Zone 414 evidenzia contraddizioni etiche e sfide morali in cui si trova immersa la società alle prese con il progresso tecnologico. Precisamente, il debutto cinematografico di Andrew Baird sembra essere particolarmente orientato sulle dinamiche più perverse innescate dall’interazione fra essere umano e androide. Uno scenario crudo. Nella zona “sommersa” tutto sembra essere consentito – concetto non nuovo, basti pensare alla ottima serie Sci-Fi Westworld, creata da Jonathan Nolan e Lisa Joy. Il primario scopo al quale vengono destinati gli androidi, appositamente plasmati con sembianze femminili ed attraenti, è il medesimo proposto ripetute volte dal piccolo e grande schermo. Ne sono ulteriori testimonianze anche la serie britannica Humans, di Sam Vincent e Jonathan Brackley, assieme alla produzione russa Meglio di Noi, di Andrey Junkovsky, Aleksandr Dagan ed Aleksandr Kessel. L’industria dell’intrattenimento per adulti che si fonde allo sviluppo dell’intelligenza artificiale, tecnologia pervasa dalle maggiori implicazioni sociali e culturali, rappresenta una delle incoerenze tuttora mai superate. Ossia, l’uomo realizza un simulacro di se stesso per poi destinarlo a subire violazioni fisiche ed etiche criminose di cui egli si rende protagonista. Perchè? Nessuno ha ancora spiegato in maniera esaustiva le motivazioni che condurrebbero ad una simile realtà distopica, dando per scontato tutto ciò come un’ovvia conseguenza della “solita” logica del profitto.

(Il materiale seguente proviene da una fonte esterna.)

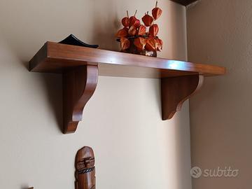 Mobile sala in legno con ante, scaffali, vetrinetta, cassetti piccoli e grandi e vano per TV e due mensole dello stesso stile. Dimensioni: lunghezza 285 cm, altezza 218 cm, profondità mobile 35 cm, profondità vano TV 60cm. Dimensioni mensole 87,5 x30 cm.

La connotazione dissoluta ed inquietante di Zone 414 è la disinvoltura con cui si confondono, fino quasi a scomparire, le distinzioni fra donna in carne ed ossa e ginoide – definizione odierna del robot umanoide femminile. Tale compenetrazione avviene a doppio senso. Da un lato il “tecnologico fiocco di neve, bello ed unico”: Jane, dotata di empatia ed ambizione di essere umana. Allʼopposto, Melissa Veidt, ossessionata dall’idea di poter diventare come Jane. Il fulcro attorno al quale ruota l’intera vicenda è proprio la distorta rappresentazione di questa convergenza. L’esteriorità indistinguibile dall’essere umano di una I.A., unita allʼillusione comune, a quali estreme conseguenze può portare? L’investigatore privato David Carmichael (Guy Pearce) si occuperà di condurre l’indagine, immergendosi a proprio rischio nella zona dov’è stato annullato ogni confine.
Anno: 2021 Durata: 98’ Genere: Fantascienza, Thriller. Regia: Andrew Baird. Con: Guy Pearce nel ruolo di David Carmichael; Matilda Anna Ingrid Lutz (Jane); Jonathan Aris (Joseph Veidt) e Travis Fimmel (Marlon Veidt). Produzione: (Regno Unito, USA) Saban Films, Highland Film Group (HFG), El Ride Productions.